■ **YOUR TASK**: Below are the records to transcribe exactly; do not include any images.

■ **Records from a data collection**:
+++++
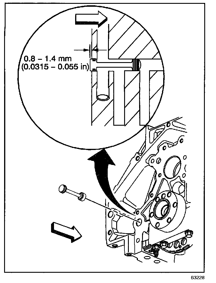 15. Install a NEW engine block front oil gallery plug, if required. Install the front oil gallery plug into the oil gallery bore 2.2-2.8 mm (0.0086-0.011 in) below flush.
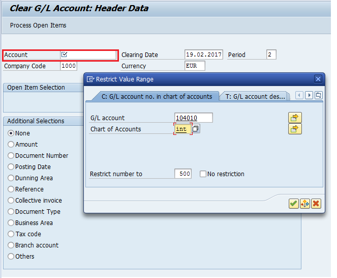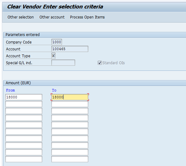 To proceed with the clearing process, click Process Open Items button. The SAP system will show a screen where you will need to specify the additional criteria for document numbers. We will enter the document numbers that FBL5N transaction showed us.
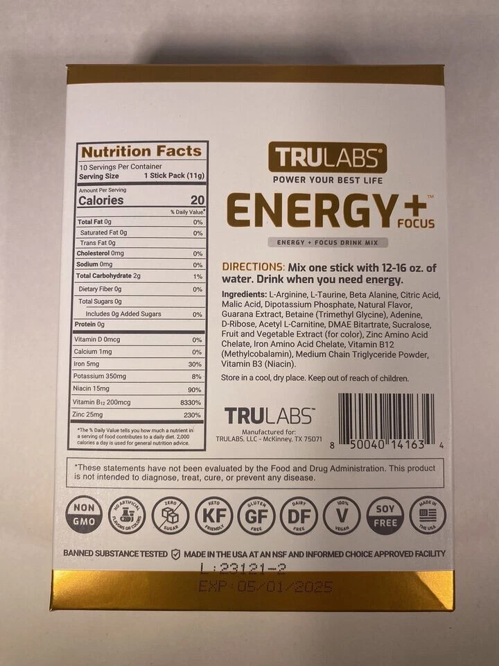 When to Take:After Meal, After Workout, Before WorkoutNumber of Pills:10Supply:Up to 1 MonthType of Diet:Bodybuilding, Fitness, VeganVolume:2.03 ozDosage:read the labelNutrition Facts Label:YesFeatures:Soy-Free, Sugar-Free, Dairy Free, Keto, Non GMO, VeganExpiration Date:05/2025Item Weight:57 gFlavor:Orange, PineappleMPN:NAUPC:0850040141269Type:DrinkCountry/Region of Manufacture:United StatesDepartment:Men, Unisex, WomenBrand:TRULABSMain Purpose:Endurance/Energygtin13:0850040141269Ingredients:see labelActive Ingredients:Acetyl-L-Carnitine, CaffeineFormulation:Powder
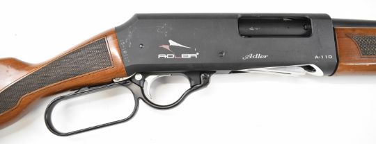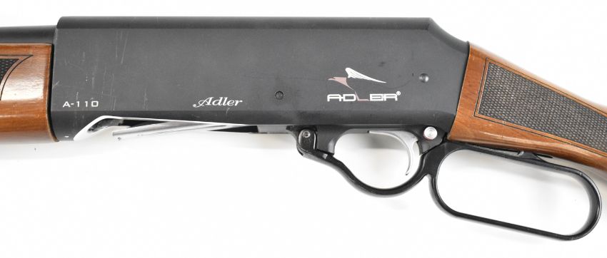 Adler A-110 12 bore 10-shot underlever-action FAC shotgun with ornately chequered grip and forend, sling mounts and 24 inch multi-choke barrel, overall length 114cm, length of pull 36cm, serial number 15-10117. PLEASE NOTE THAT A VALID RELEVANT FIREARMS CERTIFICATE IS REQUIRED TO VIEW OR PURCHASE THIS LOT AND FOR ALL SHOTGUNS OR RIFLES. PLEASE ENSURE YOU HAVE THE RELEVANT CERTIFICATE BEFORE BIDDING.
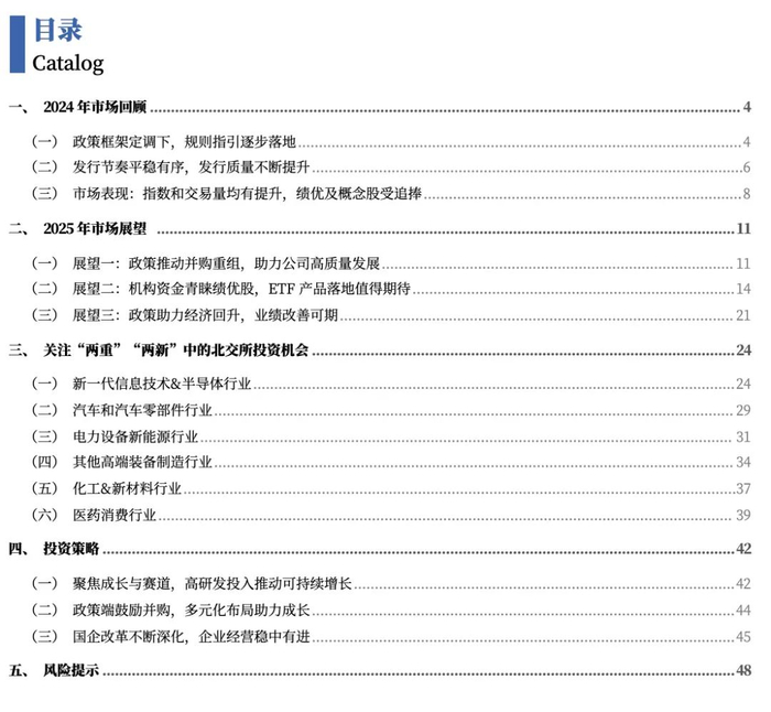 对于2025年投资策略,我们推荐三个主要方向:1)聚焦北交所新质生产力,关注具有成长潜力,布局热点赛道的公司,其一是业绩增速高、研发投入强的成长性公司,其二是募投项目产能释放助推业绩成长的公司;2)政策端鼓励并购,叠加北交所公司注重多元化布局及横向纵向拓展,关注进行产业链协同扩张或计划海外布局的公司;3)关注北证国央企,聚焦净资产收益率高、经营风险较低的稳健性公司,以及有持续成长能力或着力打造第二增长曲线的成长属性公司。
+++++
■ **RESULT OF THIS EXERCISE**:
 15. Install a NEW engine block front oil gallery plug, if required. Install the front oil gallery plug into the oil gallery bore 2.2-2.8 mm (0.0086-0.011 in) below flush.
 To proceed with the clearing process, click Process Open Items button. The SAP system will show a screen where you will need to specify the additional criteria for document numbers. We will enter the document numbers that FBL5N transaction showed us.
 When to Take:After Meal, After Workout, Before WorkoutNumber of Pills:10Supply:Up to 1 MonthType of Diet:Bodybuilding, Fitness, VeganVolume:2.03 ozDosage:read the labelNutrition Facts Label:YesFeatures:Soy-Free, Sugar-Free, Dairy Free, Keto, Non GMO, VeganExpiration Date:05/2025Item Weight:57 gFlavor:Orange, PineappleMPN:NAUPC:0850040141269Type:DrinkCountry/Region of Manufacture:United StatesDepartment:Men, Unisex, WomenBrand:TRULABSMain Purpose:Endurance/Energygtin13:0850040141269Ingredients:see labelActive Ingredients:Acetyl-L-Carnitine, CaffeineFormulation:Powder
 Adler A-110 12 bore 10-shot underlever-action FAC shotgun with ornately chequered grip and forend, sling mounts and 24 inch multi-choke barrel, overall length 114cm, length of pull 36cm, serial number 15-10117. PLEASE NOTE THAT A VALID RELEVANT FIREARMS CERTIFICATE IS REQUIRED TO VIEW OR PURCHASE THIS LOT AND FOR ALL SHOTGUNS OR RIFLES. PLEASE ENSURE YOU HAVE THE RELEVANT CERTIFICATE BEFORE BIDDING.
 对于2025年投资策略,我们推荐三个主要方向:1)聚焦北交所新质生产力,关注具有成长潜力,布局热点赛道的公司,其一是业绩增速高、研发投入强的成长性公司,其二是募投项目产能释放助推业绩成长的公司;2)政策端鼓励并购,叠加北交所公司注重多元化布局及横向纵向拓展,关注进行产业链协同扩张或计划海外布局的公司;3)关注北证国央企,聚焦净资产收益率高、经营风险较低的稳健性公司,以及有持续成长能力或着力打造第二增长曲线的成长属性公司。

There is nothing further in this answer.